Diabetes affects more than just the person playing host to it. I am the one wearing and insulin pump, a continuous glucose monitor, and actually feeling these blood sugar highs and lows.  But I’m not the only one affected by diabetes.  My parents had to care for me when I was young, acting as my pancreas.  My friends have been affected by my lows and highs while we’re hanging out, sometimes forced to jump the bar and accost the bartender for orange juice.  (True story.)  And my husband has taken on this disease as his own as best he can, making it such an integrated part of our life together that I don’t feel alone.  Diabetes isn’t just mine.  It belongs to everyone who cares about me.

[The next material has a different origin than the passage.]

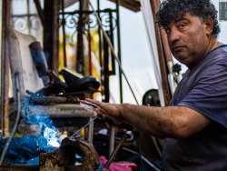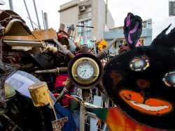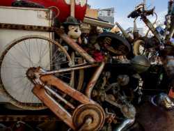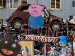 Un luogo magico e colorato, dove vecchi oggetti abbandonati diventano “opere d’arte” grazie all’inventiva di un 57enne barese. Parliamo del laboratorio/galleria che si trova in via Massaua, una delle strette stradine del quartiere San Cataldo: è qui che il “rigattiere” Simone Ciliberti espone i suoi manufatti, realizzati mettendo insieme cose trovati qua e là (foto di Valentina Rosati)

Diabetes isn’t just a physiological disease.  Mental health matters when it comes to diabetes management. It’s not just a question of blood sugar levels and insulin supplementation.  It’s about managing the emotional output that comes as part of life with a chronic illness.  It’s about the guilt of complications.  The pressure to control an uncontrollable disease.  The hope that tomorrow will come without incident. I feel that the emotional aspects of diabetes need to be attended to with the same care and diligence as an A1C level.  Maybe more so, because life needs to be happy, whether it’s a short life or a very long one.

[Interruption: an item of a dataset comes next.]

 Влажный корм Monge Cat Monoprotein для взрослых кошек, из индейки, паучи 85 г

Diabetes isn’t easy.  We just make it look that way sometimes.  Some of the perceptions that the general public has is that diabetes is easy to handle.  “You just wear the pump, test your blood sugar, and watch your diet and you’ll be fine, right?”  Wrong.  You can do the exact same thing every day and still see varying diabetes outcomes. It’s never all figured out.  Diabetes is a daily dance of numbers and emotions and even though we, as a community, make it look easy sometimes, it sure isn’t.

No diabetes is the same. Even within a community of diabetics, there are still widely varying ways of treating diabetes and even more ways of dealing with the emotional aspects.  There’s no winning combination and no “right” way to deal with this disease.  Being on a pump means you use a pump to infuse your insulin – this doesn’t necessarily mean you are taking better care of yourself than the person who opts for injections.  Low-carb doesn’t work for everyone, and neither do certain medications.  What works for you may not work for everyone. It’s important to remember that this disease, like life, doesn’t have a predictable path, so there are plenty of “right’ ways to handle it.

Just because we don’t look sick doesn’t mean we don’t deserve a cure.  That statement sums it up for me.  We might make it look easy, but it isn’t.  There’s no rhyme or reason to this disease, and even with the best care and the best intentions, complications can sometimes still come calling.  And their effects are devastating.  Diabetes, of all kinds, deserves a cure.  No one asked for any of this.  We deserve better than society thinking that diabetes isn’t worth their attention.

We deserve, we fight for, and we advocate for a better life, better health outcomes, … we deserve a fighting chance for a cure.